The movie follows the exploits of three producers  – James Dolan, John Sykes and the ever-compelling Harvey Weinstein – in the aftermath of the devastation which Hurricane Sandy wreaked on America’s east coast last year. Through candid interviews – though, notably, never as talking heads – the documentary observes as a top force of Hollywood’s elite assembles one of the most impressive concert fundraisers of all time – in less than four weeks, to boot.

12.12.12. is not a documentary in the traditional sense. It has no official “director”, though a conversation with Weinstein after the film suggests that producer Meghan O’Hara may unofficially fill that role. In reality, it’s more of a showcase for the charitable spirit and good will that these filmmakers bestowed upon the devastated regions in the wake of a tragedy. It wouldn’t be surprising in the least if a fair number of people found the entire affair to be a bit self-congratulatory, a little self-serving, and more than a little pompous.

But it’s not. The filmmakers do everything in their power to properly contextualize the narrative, and it offers a great glimpse into what it was like around that time. Not only do we get pristine concert footage of some of the greatest living musical legends on the big screen, we get to see them behind-the-scenes at their most intimate, we get to see every detail (and hiccup) involved in making such a large-scale production work, and we get to see actors and celebrities from all walks of entertainment life come out to support the cause.

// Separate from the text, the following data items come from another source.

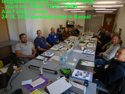 24. IX. 2025 in Kassel Klär- / Biogasseminar - schulung aus der Praxis für die Praxis und nicht nur DWA / DVGW / FvB - TRGSen, TRASen und TRBSen - aus Fehlern & Schäden lernen Deponiegas nach § 4 DepV und mehr ...ua am 23. IX. 2025 in Kassel 22. IX. 2025 Geschlossene Biogas TFA - Schulung - Inhausveranstaltung bei der Marburger Entsorgungs-GmbH (MEG), 35039 Marburg - direkt auf der Anlage für das Betriebspesonal mit dem RPA Gießen. 3.IX. 2025 Deponiegassemnar nach § 4 Deponieverodnung DepV Nr. 3 beim ALL (Abfallwirtschaftsbetrieb des Landkreis Leer) auf der Deponie Breinermoor 30. IV 2025 Deponie - und Biogasschulung (geschlossene Veranstaltung) bei der KAVG am Standort Pohlsche Heide von der TFA über MBA bis Deponiegasnutzung und zukünftiger Deponiegasnutzungen mit Biogasen aus der MBA und TFA Energiekonzepte - Ideen und Umsetzungen im Schulungsverbund West der DAS - IB GmbH - Vom Praktiker für PrakterInnen: Rückblick zu den Sicherheitstechnsichen Prüfungen an den Vortagen, Begehung von unterirdischen Bauwerken (Beispiel ua Todter beim AWVC), ATEX & Ex-Zonen, primärer Explosionsschutz, Gasdichtigkeiten - UEG - ppm, Geeignete Meßgeräte: PSA, Dichtheit , Aktuelle Schadenfälle z.B. Brand in BHKW - Gebäuden, AK-Brand 23. IV. 2025 WEV Zentraldeponie Cröbern (ZDC) - geschlossene Beratung & Schulung: Anwendung um Umsetzung der 12. BImSchV (Störfallrecht - untere Klasse insb. §§ 3 bis 8 und 16) für den Bau & Betrieb der Gasanlagen mit Deponiegas- und Biogas-Gasspeichern: Trockenfermentationsanlage (TFA nach dem Sysetm Herhof - KEA - Kompost- und Energie -Anlage), MBA und Deponiegasanlage. Einordnung der Erkenntnisquelle TRAS 120 in diesem Zusammenhang, Westsächsische Entsorgungs- und Verwertungsgesellschaft mbH, 04463 Großpösna
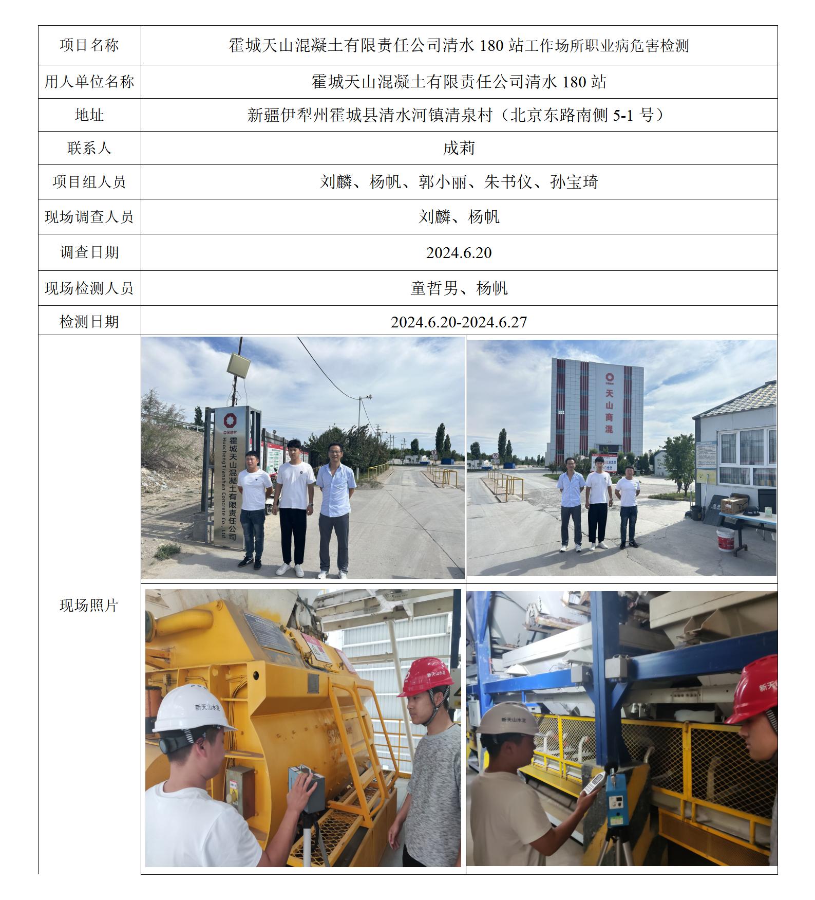 霍城天山混凝土有限责任公司清水180站工作场所职业病危害因素检测
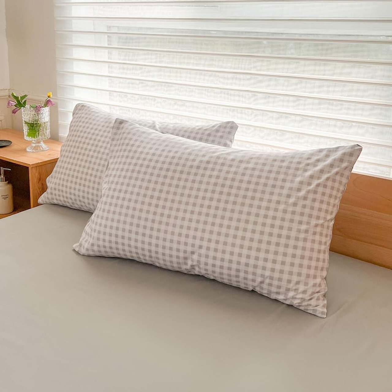 【特価セール】NSNLGSGC 布団カバー セミダブル 4点セット 布団かばー ベットカバー セット グレー チェック 柄 北欧 洋式・和式兼用 8ヶ所ヒモ付き 洗い替え速乾 防ダニ
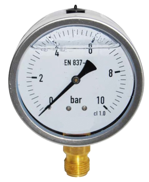 Manomètre - Raccord en laiton Au bas / Radial - Boîtier en Inox 304 - Avec glycérine - Diamètre raccordement: 1/2'' - Plage de pression: (-1)-0bar - Diamètre cadran: 100mm - Classe de précision: 1
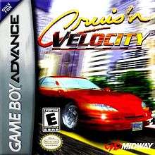 Cruis'n Velocity is a racing game and the fourth game in the Cruis'n series. The game was developed by Graphic State Games and released by Midway for the Game Boy Advance in 2001. It is the only game in the series not to be preceded by an arcade release and features slightly different gameplay from its predecessors. The game uses the same engine as Dark Arena, a first-person shooter game also developed by Graphic State, to achieve a pseudo-3D effect. This approach garnered the game mixed reviews.
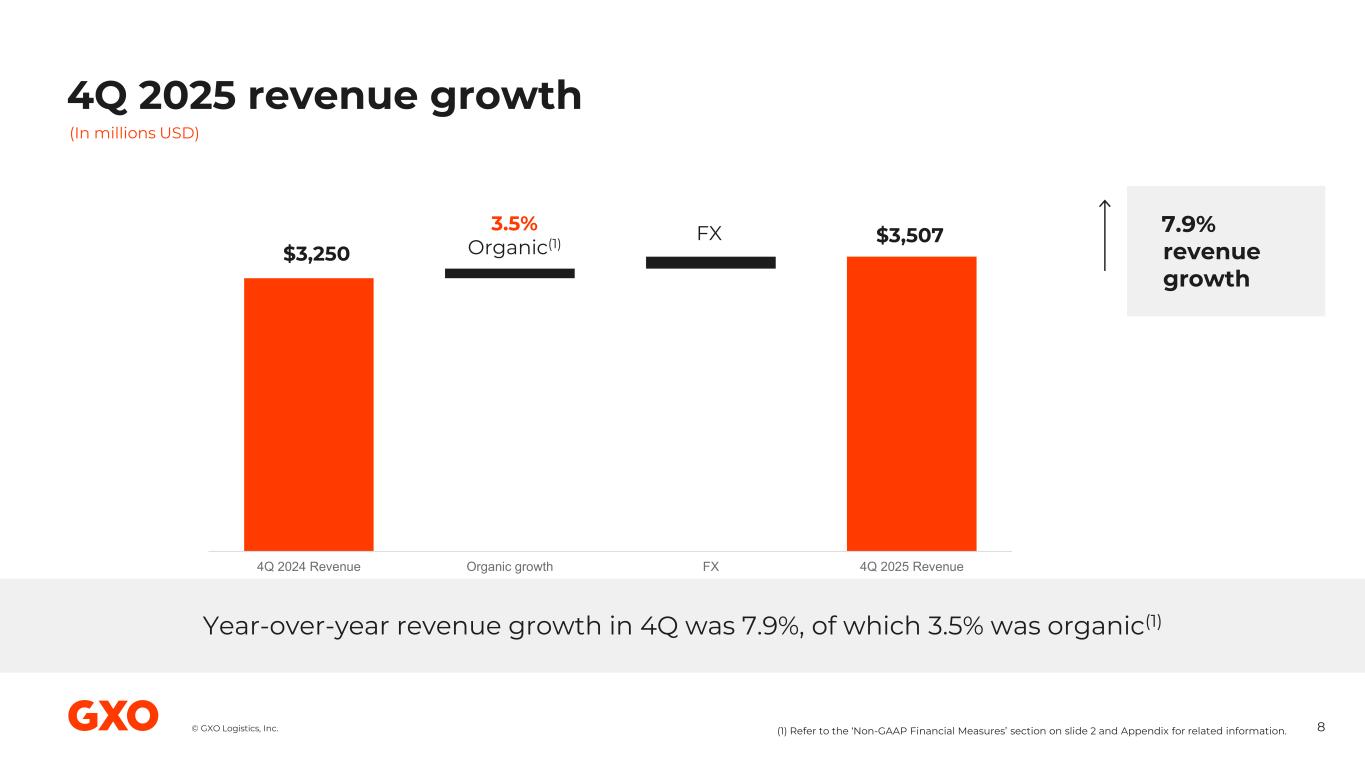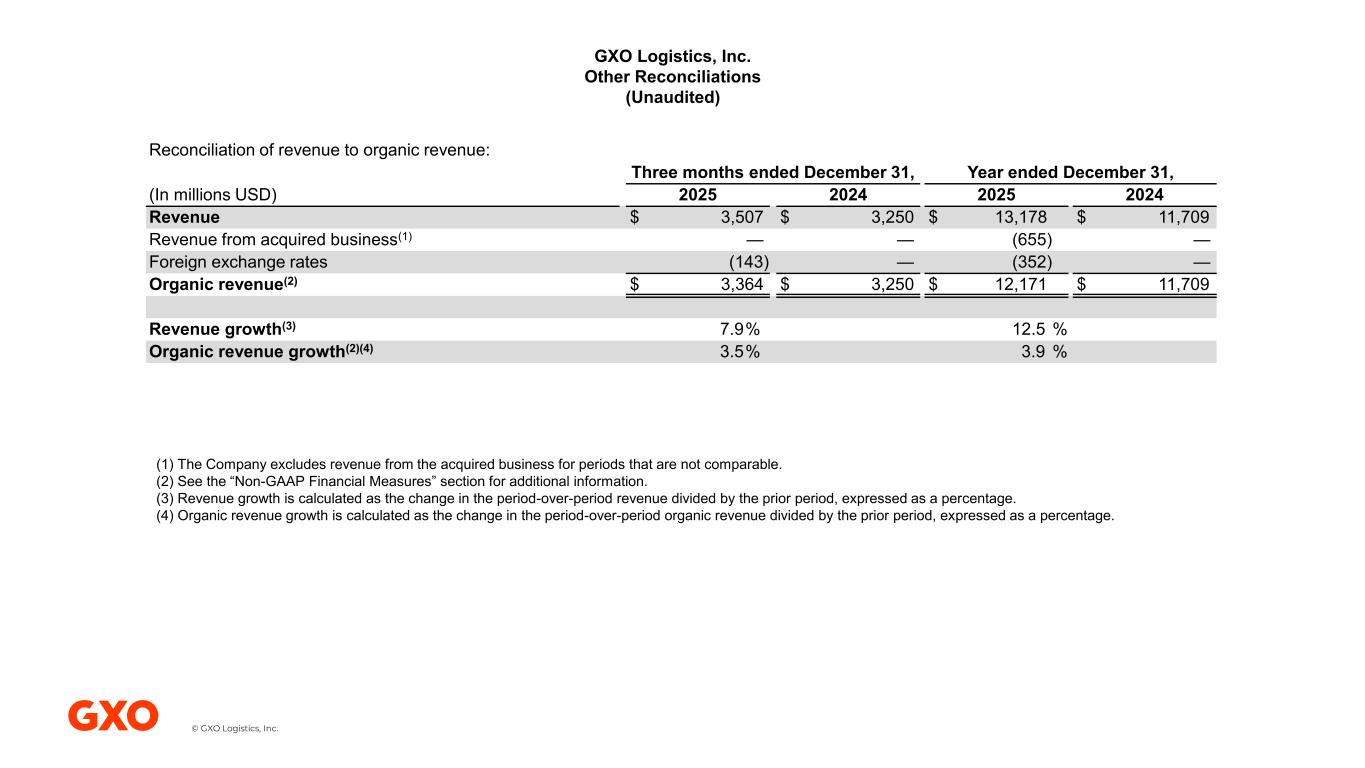 © GXO Logistics, Inc. GXO Logistics, Inc. Other Reconciliations (Unaudited) Reconciliation of revenue to organic revenue: Three months ended December 31, Year ended December 31, (In millions USD) 2025 2024 2025 2024 Revenue $ 3,507 $ 3,250 $ 13,178 $ 11,709 Revenue from acquired business(1) — — (655) — Foreign exchange rates (143) — (352) — Organic revenue(2) $ 3,364 $ 3,250 $ 12,171 $ 11,709 Revenue growth(3) 7.9% 12.5 % Organic revenue growth(2)(4) 3.5% 3.9 % (1) The Company excludes revenue from the acquired business for periods that are not comparable. (2) See the “Non-GAAP Financial Measures” section for additional information. (3) Revenue growth is calculated as the change in the period-over-period revenue divided by the prior period, expressed as a percentage. (4) Organic revenue growth is calculated as the change in the period-over-period organic revenue divided by the prior period, expressed as a percentage.

But much, much more importantly, we get a sense of the people. The film is filled with nearly as many shots of crowd members as band members, and we spend almost as much time amongst the heroes of the tragedy as we do with the performers. The filmmakers do a great job of splicing in footage, statistics and interviews with people who were directly affected by the storm: cell phone footage of a devastated boardwalk, news footage of cars floating down streets, casual conversations with nurses, firefighters, police officers and even local community leaders who helped control the chaos when things were looking their bleakest.

And it is this human element that makes the film such a success. The filmmakers know that a series of powerful, emotional and legendary performances was not enough for a film like this. East-coasters deserve better, and they get it. One of the most striking sequences in the film involves a handful of locals at a Brooklyn bait and tackle shop / bar, where they watch the concert on television. At one particular moment, a sanitation worker cheers loudly at the TV when Steve Buscemi congratulates his branch of civil workers. Cheers all around, some pats on the back, and his beaming face up at the TV. Nothing more is required.

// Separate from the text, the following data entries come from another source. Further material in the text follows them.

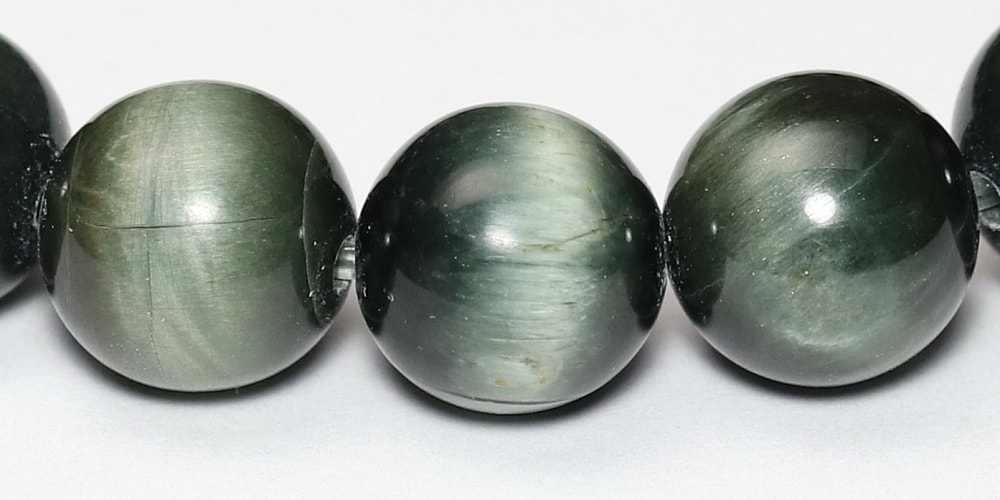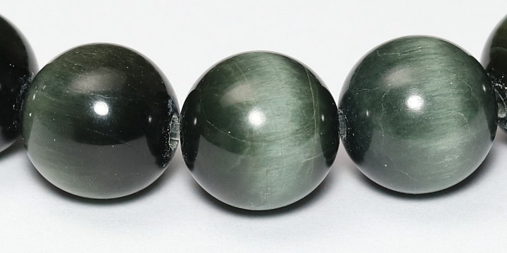 ご覧のお品は、傷や凹みが極めて少なく、色味・艶・キャッツアイの見え方や方向が素晴らしい、統一感あるトップ品質のブレスレットに仕上がっております。
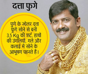 ये सज्जन महाराष्ट्र राज्य के पिंपरी-चिंचवड जिले के निवासी है. जिले में शुरू से ही इनके बाप-दादा की साहूकारी चलती आ रही है. दत्ता फुगे अपने शरीर पर 7.30 किलो सोना पहनते है. एक महीने पहले इन्हें अंडरवर्ल्ड से पैसो के मांग की धमकी आई थी. तब से इनके साथ हमेशा 20 सेक्युरिटी गार्ड होते है
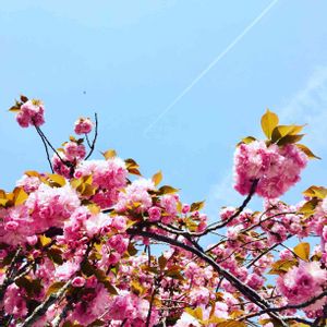 ソメヨシノさんが終わり次は八重桜 かなり満開🌸丸いポンポン 空を見上げたら飛行機雲✈️付
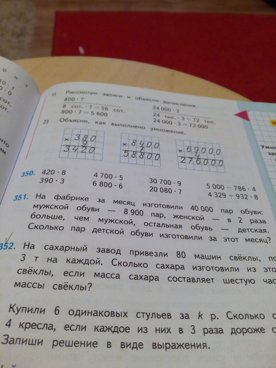 Ответы: 420*8=3360 390*3=1170 4700*5=23500 6800*6=40800 30700*9=276300 20080*7=140560 5000-786*4=1856 4329+932*8=11785
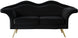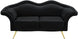 Put your best pucker forward with this Lips velvet loveseat. So named because of its beautiful, pouty shape, this Lips loveseat makes a stunning addition to your living room. Soft black velvet upholstery covers every inch of this striking loveseat, giving it a sumptuous boudoir-inspired feel. Gold medal legs support the loveseat, adding a touch of refinement while allowing clearance beneath it for cleaning.
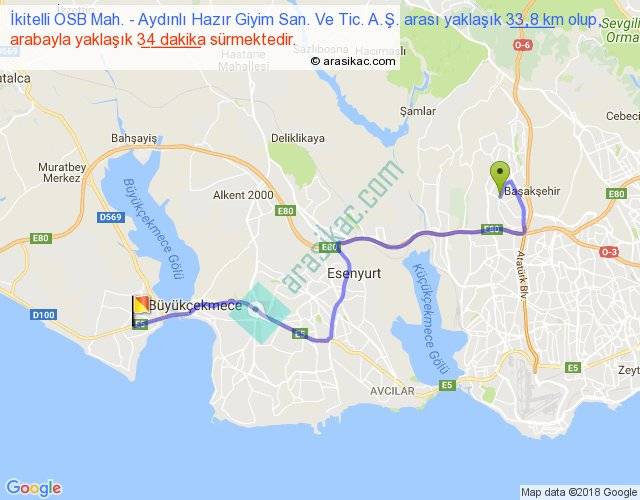 İkitelli OSB Mah. - Aydınlı Hazır Giyim San. Ve Tic. A.Ş. arası detaylı bilgi

The film boasts some terrific performances from some of the most popular musicians of all time: The Rolling Stones, Sir Paul McCartney, The Who, Billy Joel, Roger Waters, Eddie Vedder, Bon Jovi, Alicia Keys, Kanye West… The list goes on. But as the film opens on a shot of Bruce Springsteen’s face as he croons melancholically about being raised in the swamps of Jersey, you recognize that this is not just a big party for celebrities; it’s about the people, and about the places. And that makes it a very special concert film, indeed.

12.12.12. is alternately beautiful and awesome. The cinematography is wonderful, the concert and its behind-the-scenes access are unparalleled and its cause is indisputable. Maybe it is all a little bit self-absorbed, but if it is, it’s deservedly so: these producers did a great thing with this fundraiser, and though they could have chosen to make the film entirely about their own importance, they turn the cameras onto the people who really matter. And as an East-coaster myself, I truly appreciate that.

I hope that everybody in New Jersey, New York, Connecticut and all of the places afflicted by the storm get a chance to see this film. It’s all for them.